Module binomial_multi

Expand description

Penalized multi-output binomial-logit fitter at fixed λ.

This is the row-diagonal sibling of crate::multinomial: the same shared design X ∈ ℝ^{N×P} and shared penalty S ∈ ℝ^{P×P} are reused across K independent binomial-logit response columns. Per-column smoothing parameters λ_a (length K) scale S independently for each response. Because the Fisher information has no cross-column coupling (H_{n,a,b} = δ_{ab} · w_n · μ_{n,a} (1 − μ_{n,a})), the joint penalized Hessian is block-diagonal in the K P × P per-response systems; the shared crate::penalized_vector_glm engine factors that block-diagonal Hessian in a single coupled damped-Newton loop, which is mathematically identical to K independent per-column solves.

§Fit problem

Minimise the penalized negative log-likelihood

  F(β) = − Σ_n Σ_a w_n [ y_{n,a} log μ_{n,a} + (1 − y_{n,a}) log(1 − μ_{n,a}) ]
          + ½ Σ_a λ_a · β_aᵀ S β_a

with μ_{n,a} = σ(η_{n,a}), η_{n,a} = (X β_a)_n. The per-column Newton step solves

  (Xᵀ diag(w_n μ_{n,a}(1 − μ_{n,a})) X + λ_a S) δ_a = − [Xᵀ diag(w_n)(μ_{·,a} − y_{·,a}) + λ_a S β_a]

followed by a backtracking line search on F (full step first, halve up to 8 times) so monotone descent is enforced even when the quadratic model overshoots near saturation.
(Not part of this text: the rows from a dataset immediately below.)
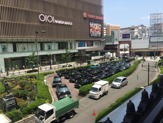大阪のメインストリート御堂筋。これを南へ行くと突き当たるのが、髙島屋大阪店と南海電車の「なんば駅」だ。なんばといえば、「キタ」「ミナミ」と称される大阪の2大繁華街のひとつであり、関西空港から来るインバウンド客でも大変なにぎわいを見せている。また、駅前にはタクシー乗り場やバス停留場があり、向かいの戎橋筋商店街と駅を行き交う多くの人や、御堂筋から分離していく自動車交通でごった返している。それがなんば駅前の日常だった。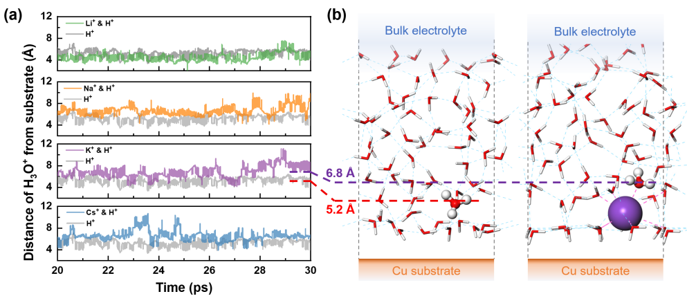 近日,beat365中文官方网站深圳国际研究生院李佳副教授、康飞宇教授团队运用第一性原理分子动力学方法,对碱金属离子对固液界面双电层结构以及对CO2RR机制的影响进行了系统研究。研究成功解释了不同碱金属离子的尺寸效应和其对反应的必要性。研究指出,尺寸效应源于不同离子水合配位能力的差异,而必要性则来自对竞争性析氢反应的抑制。这为进一步优化反应界面提供了科学依据。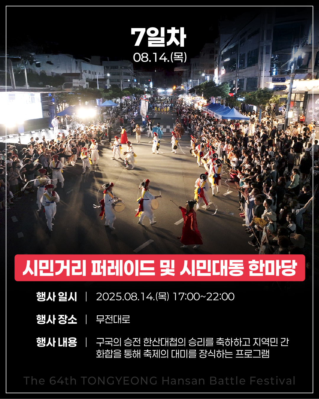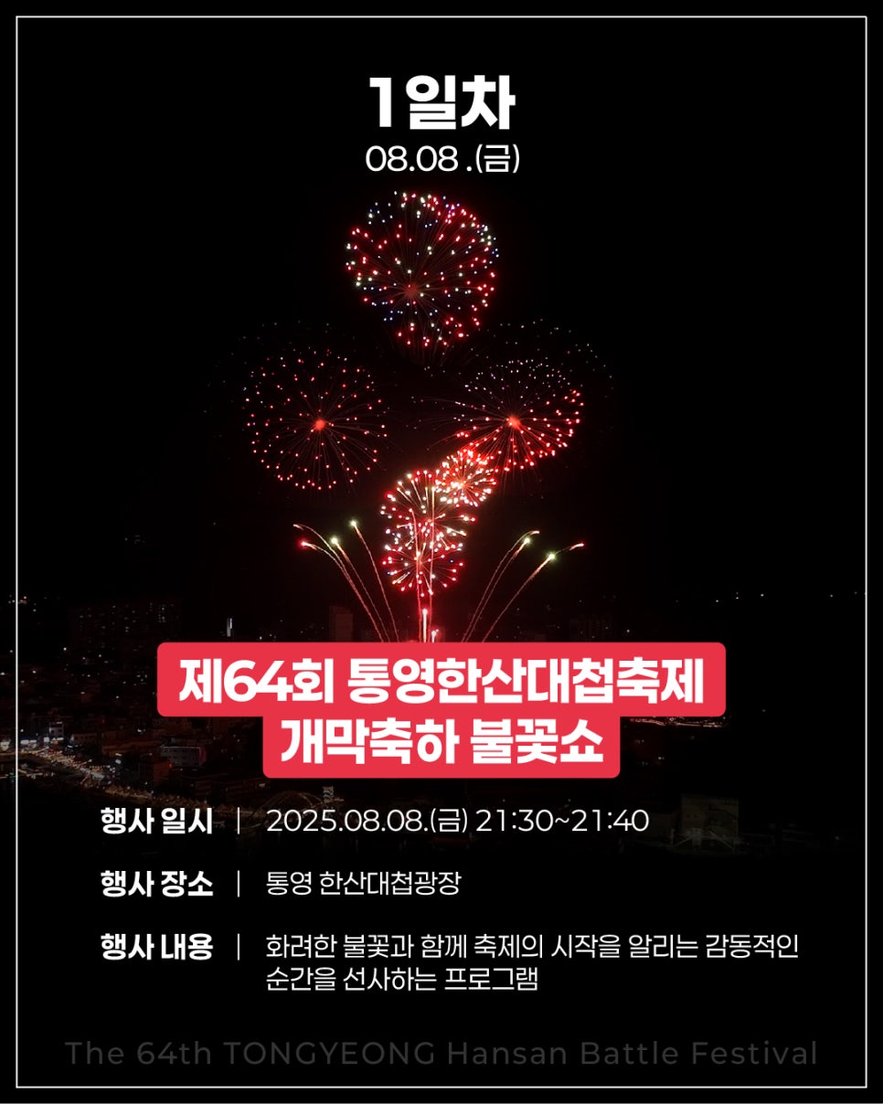 제64회 통영한산대첩축제 일정은 2025년 8월 8일(금)부터 14일(목)까지 7일간 이어집니다.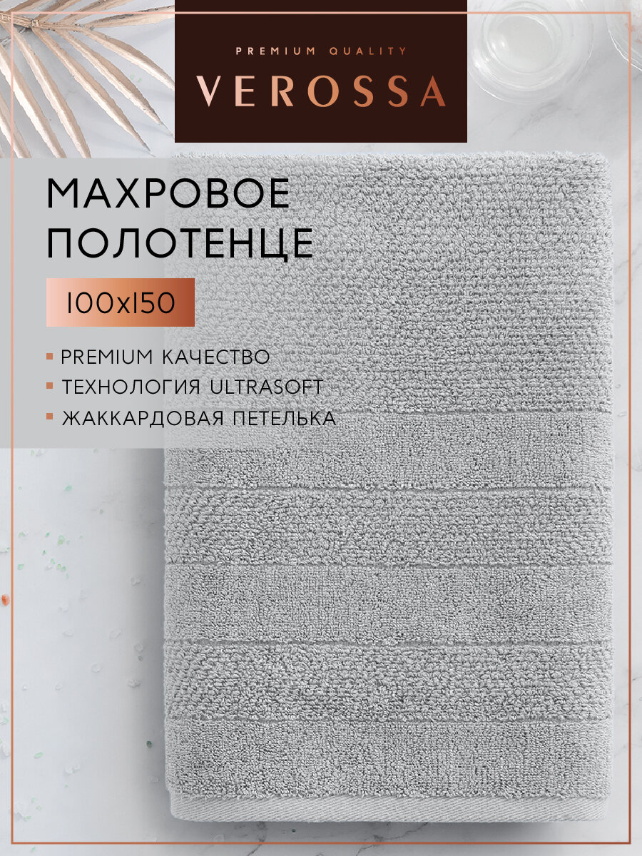 Полотенце банное "Verossa" 100 x 150 см, серый хлопок, Россия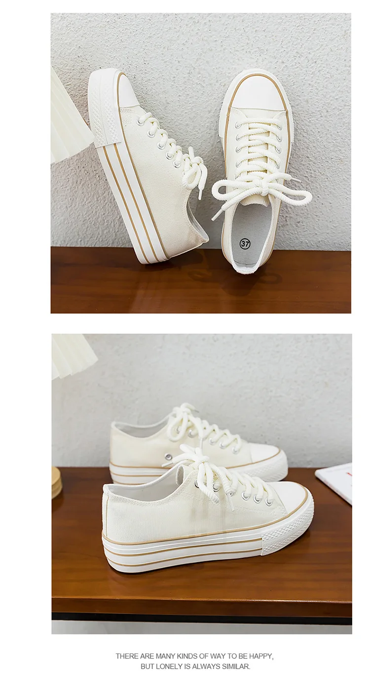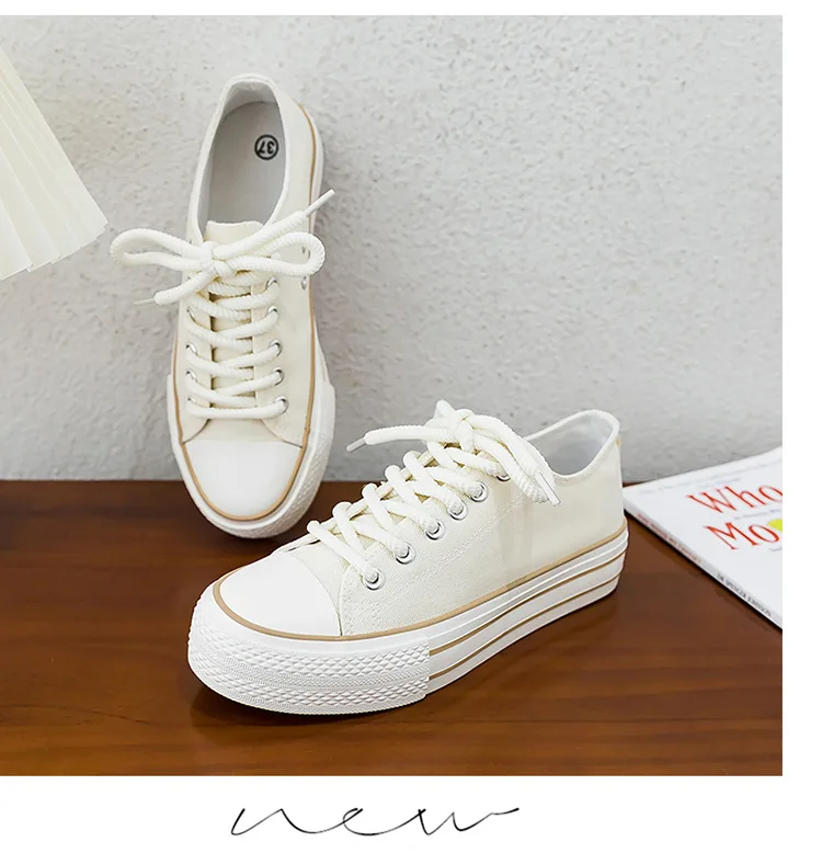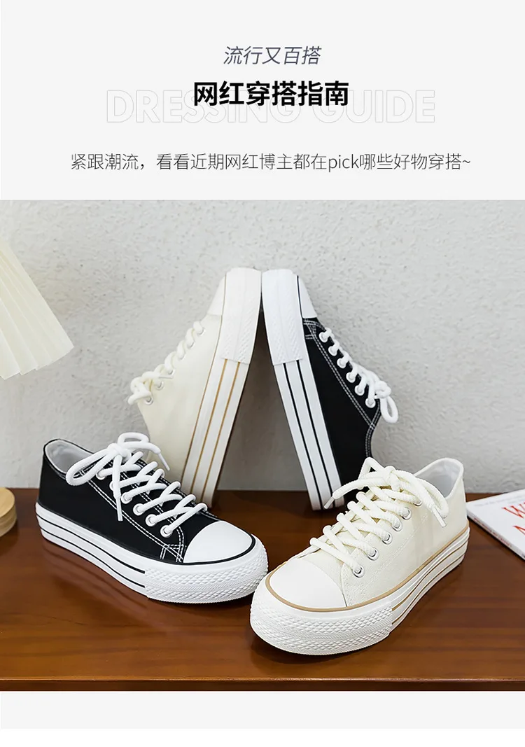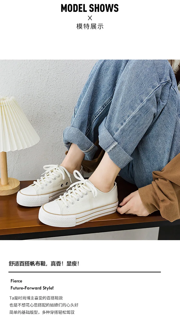 Hot Sales Thick-soled Canvas Shoes 2023 Spring Ins New Preppy Women's Fashion Shoes Wholesale Soft Soled Shoes Zapatos De Mujer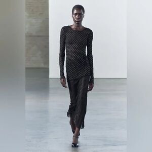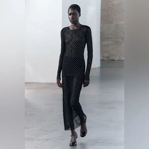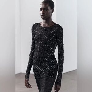 Lace top with a round neck, long sleeves, rhinestone appliqués and an open back.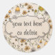 Belle motif blanche avec fleurs jaunes et oranges sur le curling et tiges tourbillonnantes avec feuilles vert vif sur un arrière - plan beige clair. Le cadre est l'endroit idéal pour personnaliser ce produit avec votre nom ou un court message. Cet autocollant fonctionnerait également très bien pour étiqueter les produits de toilette ou épicer des bouteilles simples avec un joli étiquette.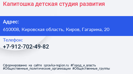Капитошка, детская студия развития по адресу 610008, Кировская область, Киров, Гагарина, 20 в дальнейшем Организация, размещена в следующих категориях: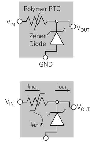在正常工作時,VIN輸入電壓高于齊納二極管的擊穿電壓VZ,有IFLT電流經(jīng)齊納二極管到地,VOUT輸出穩(wěn)定的電壓。有不正常的過壓輸入 VIN時,則齊納二極管的IFLT會產(chǎn)生過流,當(dāng)器件上有過流時,其電阻由低阻態(tài)瞬變到高阻態(tài),使在其上的壓降大增,VOUT輸出基本不變,而流過齊納二極管的電流IFLT反而減小,如圖16所示。器件上電壓降的增大既保護了齊納二極管,又保護了下游的電路。另外,若被保護的下游電路中存在有局部短路或短路故障時,IOUT會增加,PPTC元件由低阻態(tài)變成高阻態(tài),可使電路得到過流保護。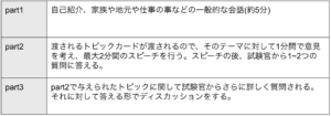 スピーキングの試験時間は約10~15分で、インタビュー形式となります。このインタビューは録音されていて、採点をする際に使用されます。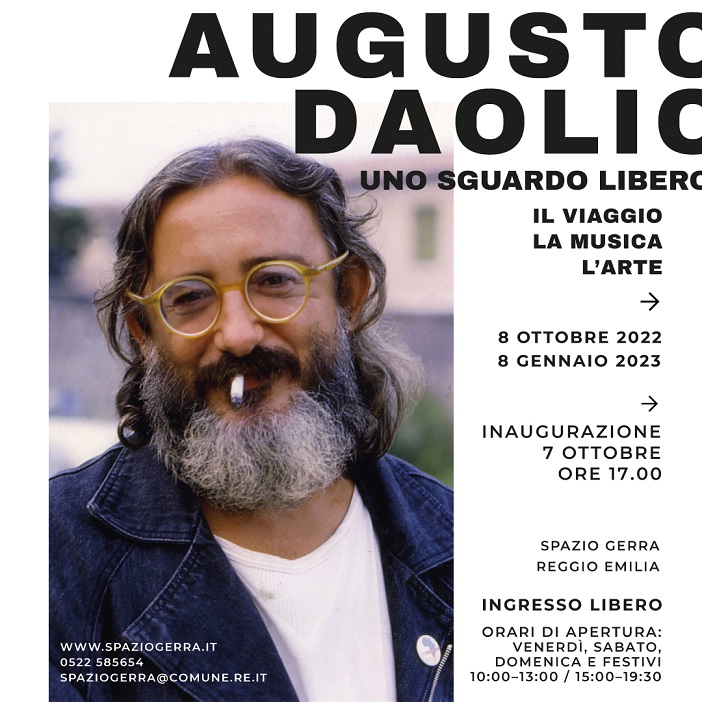 Il 7 ottobre 2022, esattamente a trent’anni dalla sua prematura scomparsa, presso lo Spazio Gerra di Reggio Emilia, si apriranno le porte di un’esposizione che racconterà la poliedricità di Augusto Daolio, fondatore e voce indimenticata de I Nomadi: “Augusto Daolio: uno sguardo libero. il viaggio – la musica – l’arte”.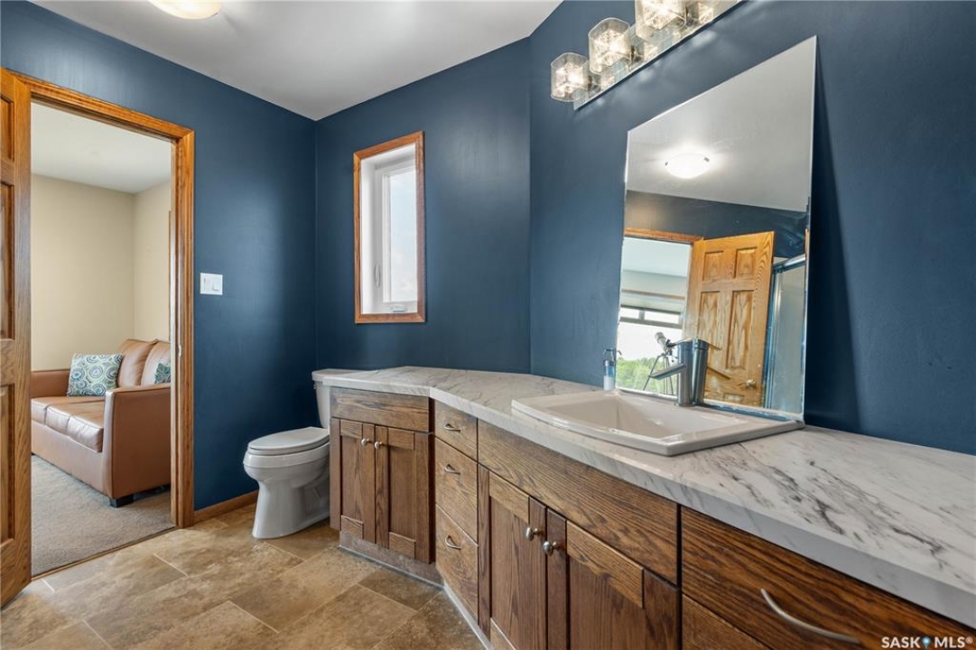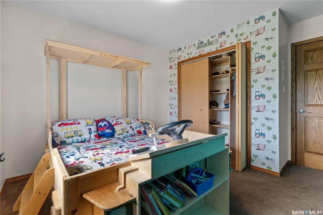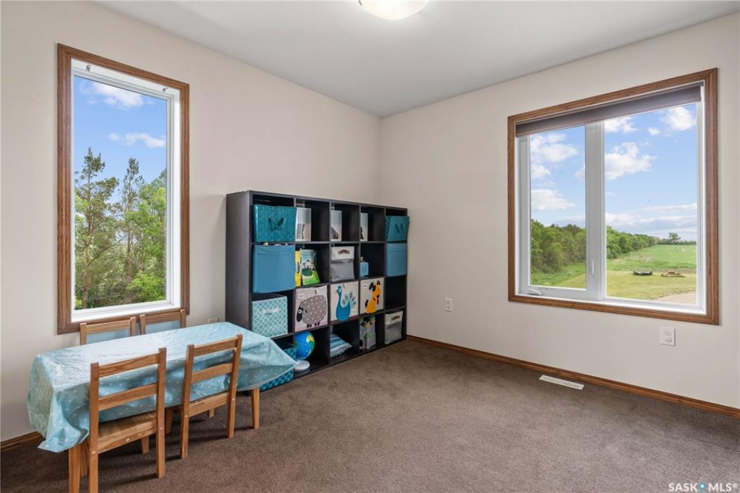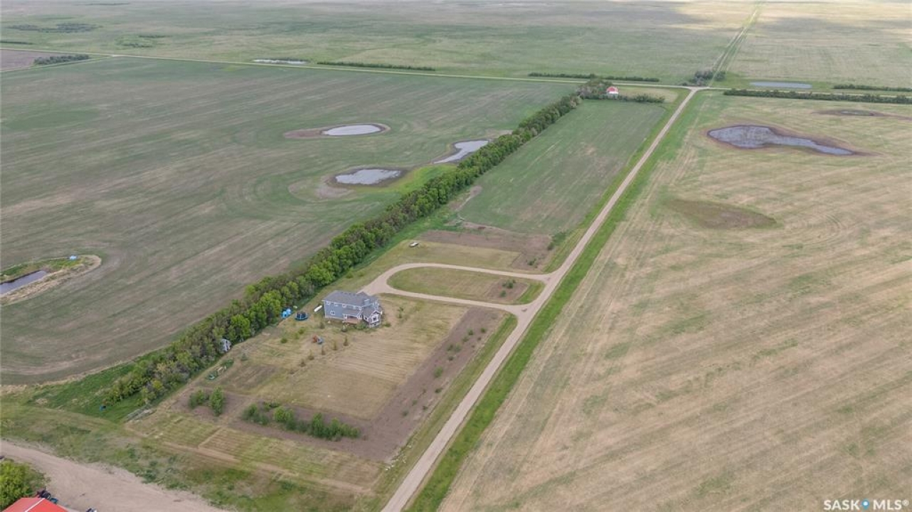 Welcome to your dream acreage! This gorgeous property offers 19.94 acres of meticulously maintained land. Whether you're looking for space, privacy, or a blend of agricultural and residential potential, this has it all. Step into the large, tiled front entry and feel right at home. Main floor showcases a spacious living room with massive windows and a striking stone fireplace, a formal dining area with rich hardwood floors, and a truly impressive kitchen. Designed for entertaining and family living, the kitchen features a large island with a second sink, stainless steel appliances, wall oven, tile backsplash, and abundant cabinetry. A convenient 2-piece bathroom also on the main level. Upstairs, double doors lead into the primary bedroom with a 3-piece ensuite featuring a stand-up shower, lots of counter space, and ample storage. You'll also find 5 more bedrooms, a 4-piece bathroom, a bonus room, a dedicated office, and laundry—all thoughtfully placed on the upper floor for comfort and functionality. The finished basement offers even more living space with a cozy family room, a recreation room currently used as a home gym, an additional 3-piece bathroom, utility room, 9 ft ceilings throughout and luxurious in-floor heating. The heated, insulated double attached garage also features in-floor heat—ideal for year-round use. There are two furnaces for the upstairs and main floor separately. A reverse osmosis system is included for the house tap. Iron filter/water softener system is in use. Property is professionally landscaped and offers an abundance of space for outdoor storage, gardening, or future development. Majority of open acres are currently rented to a local farmer. Beautifully treed backyard with the property line that extends beyond the trees. Bus comes to the front door to the wonderful K-12 school in Imperial! Land is located across from crown land/national wildlife refuge! If thinking of moving the home, sellers have the costs for that so please inquire.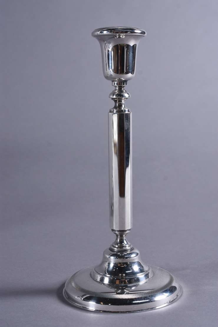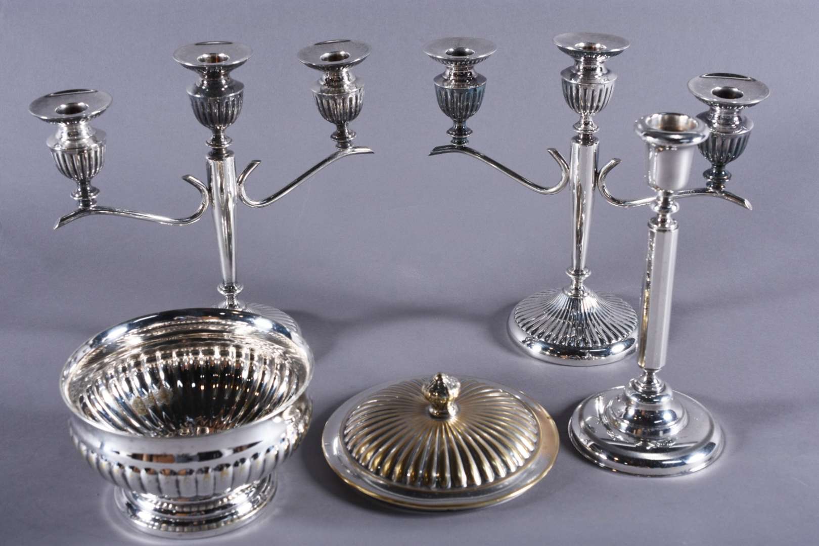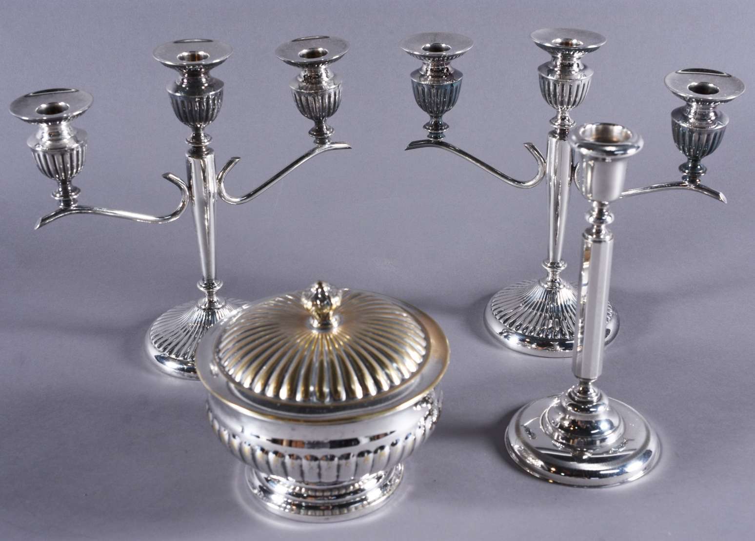 Diversas peças de metal prateado, sendo: par de castiçais; porta confeitos com dois recipientes de vidro; Seis taças ...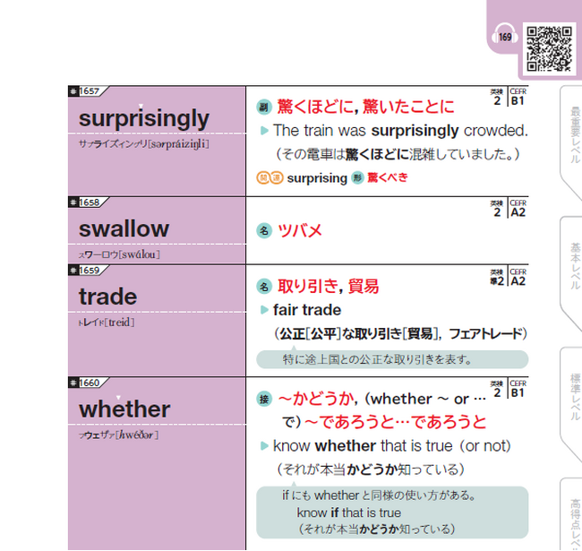 『英単語』 は改訂にあたり、収録語数を1,850から2,000に増やし、最新の高校入試により対応できるようになりました。また、『英単語』『英熟語』では、右上にある二次元コードをスマートフォンなどで読み取ることで、手軽に音声を聞くことができます。これでリスニング対策もばっちりです。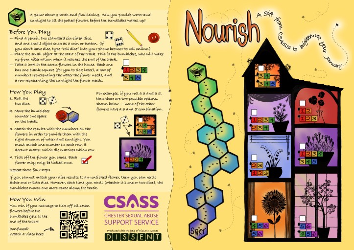 Nourish. 1 player. Race against time with dice. Bees and flowers themed, with a particularly bold colourful design. A proportion of profits from this game go to the Chester Sexual Advice Support Service. Medium.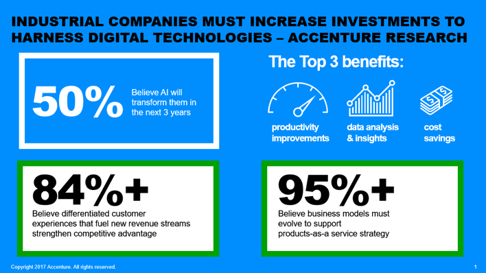 Nell’ambito dello studio Technology Vision di Accenture 2017, Accenture ha intervistato in tutto il mondo 102 executive del mercato automotive e 562 del settore Industrial Equipment (IE), legato alla produzione di macchinari industriali.

This is precisely the shared crate::penalized_vector_glm scaffold; this module supplies only the row-diagonal binomial Fisher block, residual, and log-likelihood via [BinomialMultiLikelihood].

§Relation to the multi-class softmax driver

crate::multinomial::fit_penalized_multinomial handles the coupled softmax Fisher block H_{n,a,b} = w_n μ_{n,a} (δ_{ab} − μ_{n,b}) and is the right entry when the user wants a single normalized probability vector per row. This driver is the right entry when the user has K independent binary marginals sharing a smooth basis (e.g. multi-label classification, multi-trait penalised logistic regression on a Duchon latent design). Both families are thin Fisher-block adapters over the same penalized_vector_glm engine: the only difference is that the softmax block is dense across outputs while these binomial columns are row-diagonal.

The function-boundary contract mirrors fit_penalized_multinomial so the two are interchangeable at the FFI layer: same input arity, same convergence semantics, same (N, K) fitted-probability output.

Structs§

BinomialMultiFitInputs: Inputs for fit_penalized_binomial_multi.
BinomialMultiFitOutputs: Outputs of fit_penalized_binomial_multi.

Functions§

fit_penalized_binomial_multi: Fit K independent penalized binomial-logit GLMs sharing the design X and penalty S. See the module docs for the optimization problem.